Back in 1992, my boss at Florida Public Radio gave me a choice: I could focus my coverage on our earlier-than-usual legislative session on the lawmakers' task of drawing the new political boundaries in the state for both the legislative and congressional districts, or I could cover the state budget. I absolutely detest "number stories", and I have always enjoyed maps, so I thought this was a pretty easy pick. Now, I suffer from Post Traumatic Stress Disorder from witnessing what was the worst-of-the-worst of the legislative sausage making process!
That 1992 session was the beginning of the turn that Florida has taken toward having a public that is mostly registered Democrats and yet has a state legislature that is disproportionately Republican. How, oh how, did this happen? Easy. Republicans made an unholy alliance with African-American and Hispanic lawmakers who argued for more minority-majority districts. This led to “bleaching” many parts of the state. Blacks, who usually vote for Democrats, were being lumped together through the craziest configurations to create districts that would “guarantee” the election of an African-American. It also meant that there were lots of very white and Republican areas now concentrated and able to elect several knuckle-dragging neo-cons to the state legislature. The session was marked by accusations and name-calling: "uppity Spics" and labeling the white male Democratic leadership of the House of Representatives "Pharaoh". (This from now Democratic Congresswoman Corrine Brown who proclaimed, "Peter and Peter: let my people GO!")

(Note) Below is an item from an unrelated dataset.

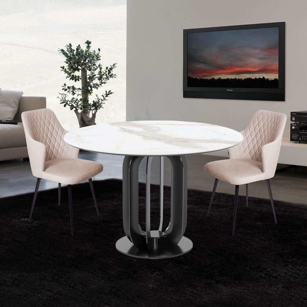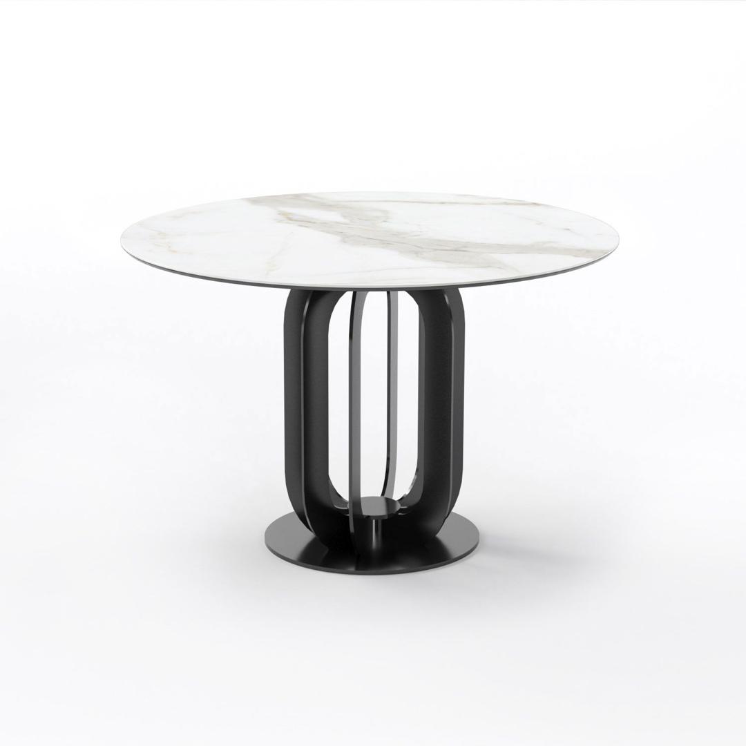 Стол Castro - это элегантное и функциональное решение для Вашего интерьера. Он предлагает удобное пространство для работы, обедов или встреч с друзьями. Стол Castro идеально сочетается с вашим интерьером и создает гармоничную атмосферу. Стильный и практичный, стол Castro станет прекрасным дополнением к Вашему домашнему офису, столовой или гостиной. h3Столешница/h3 Столешница стола Castro имеет идеальную круглую форму, выполнена из МДФ толщиной 19 мм и покрыта керамикой 6мм. Это придает столу изысканный вид и приятную тактильность. h3Опора/h3 Опора стола выполнена из прочного металла в черном цвете. В центре опоры проходит труба для устойчивости, обеспечивая стабильность и надежность.

The most telling comment I heard during the debate was when then-State Rep. Betty Holzendorf was whining outside the federal courthouse in Tallahassee, “I just care about MY district.” Clearly, for the members of the state legislature, this wasn’t about you and me: it was about them keeping their seat and cherry-picking who would be the most likely people to vote for them.

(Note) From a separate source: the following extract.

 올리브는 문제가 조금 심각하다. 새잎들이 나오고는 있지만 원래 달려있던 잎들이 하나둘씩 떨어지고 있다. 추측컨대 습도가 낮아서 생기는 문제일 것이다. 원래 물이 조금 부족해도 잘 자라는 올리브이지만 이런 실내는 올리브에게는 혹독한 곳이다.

Amendments Five and Six take up the clarion call of many public interest groups that have long advocated that legislative and congressional districts should try to keep communities together in compact and contiguous districts. What that means is that we shouldn't be drawing district lines along highways so that we can pick up a neighborhood of African Americans living in a county and put them in a district with African Americans who live in a county over 150 miles away in the wrong-headed thought that, somehow, this will yield an African-American candidate. It might do that, but it's been shown over and over that white voters WILL cast ballots for black candidates; hence it makes more sense to keep communities in tact and thus allow places like Tallahassee to have stronger representation.

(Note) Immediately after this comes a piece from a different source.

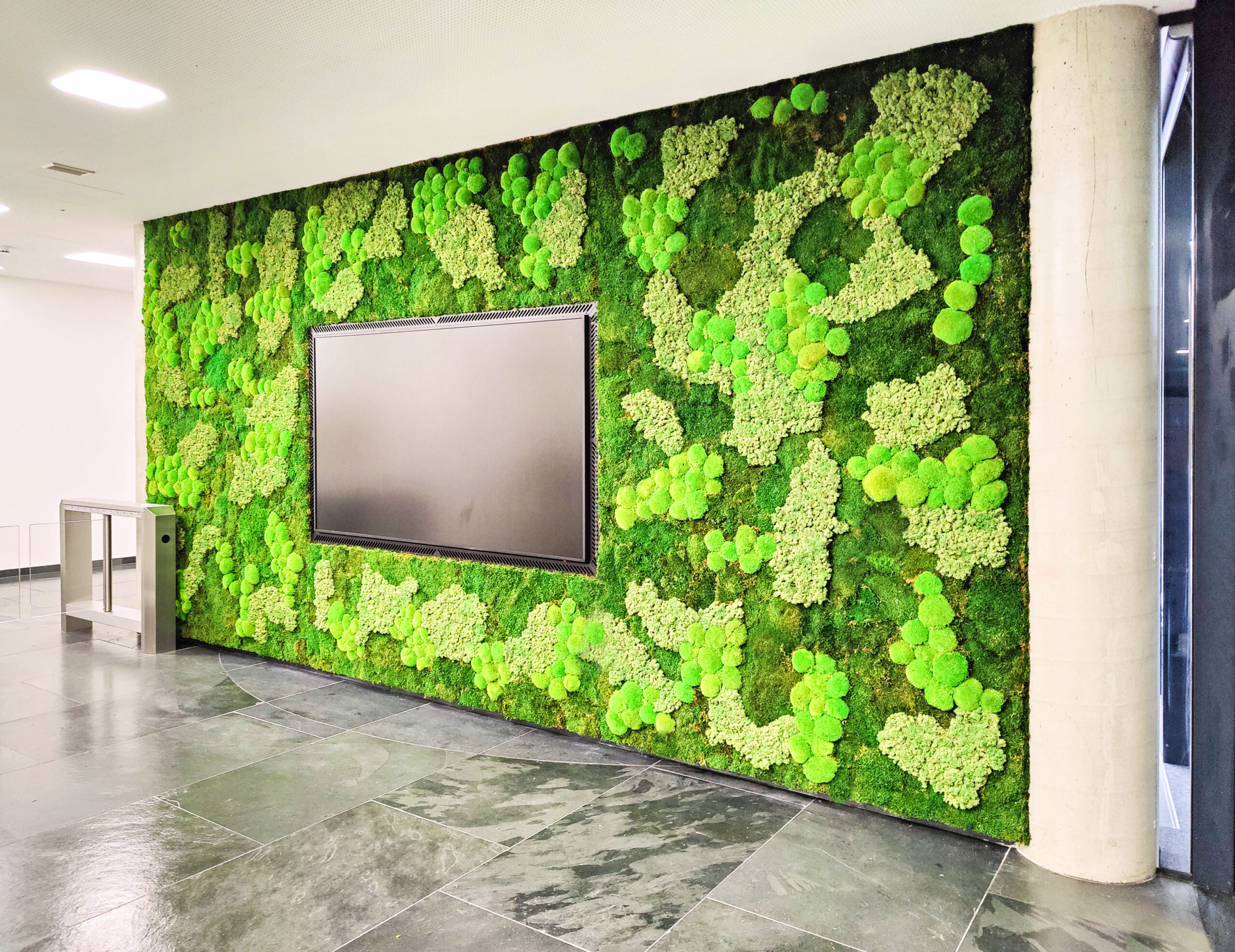 Bollmoos oder Ballenmoos ist ein Moos aus den Bergen. Die spezielle Wuchsform verleiht dem Moos den Namen Boll oder Ballenmoos. Mit unseren Europäischen Produzenten können wir auf eine Vielfalt von verschiedenen Bollmoosfarben und Formen zurückgreifen und unserem Kunden einzigartige Kunstwerke schaffen. Bollmoos in einer Farbe, im Farbenmix oder im Mix mit anderen Moosarten schaffen wir UNIKATE für ihr Projekt. Unsere Partner vor Ort schaffen mit Ihnen einzigartige Wände oder Bilder für Ihr spezielles Moosprojekt. Das Portfolio der Gestaltung ist sehr groß. Logo einbauen, Schriften oder spezielle Übergänge von hügeligen Charakter bis zu Landschaften in verschiedenen Kombinationen stehen für Sie bereit

For people who are LGBT, this is an extremely important issue. We are not a protected class; even though people have the ability to pinpoint neighborhoods, most of us don't live in a gay ghetto. But we are one group of citizens who have suffered from the skewed lines that have elected a majority Republican legislature. The GOP-controlled chambers have squashed almost every pro-gay bill that has been proposed in the past fifteen years. The anti-bullying bill could be seen as the exception; however, that legislation did NOT specifically offer protection to students being harassed for their sexual orientation and gender identity. Why? Because the Republicans wouldn't allow that in the bill. And while I do not accept that Democrats will pass lots of gay-friendly legislation, they aren't as nasty as the neo-cons in their speech about gays. And, as I have expressed over and over, words DO matter.
The state legislators have shown that they are incapable of doing this important work of drawing district lines that are fair to the population. It's time to clip their wings by putting some stricter rules in place. Vote Yes on Five and Six.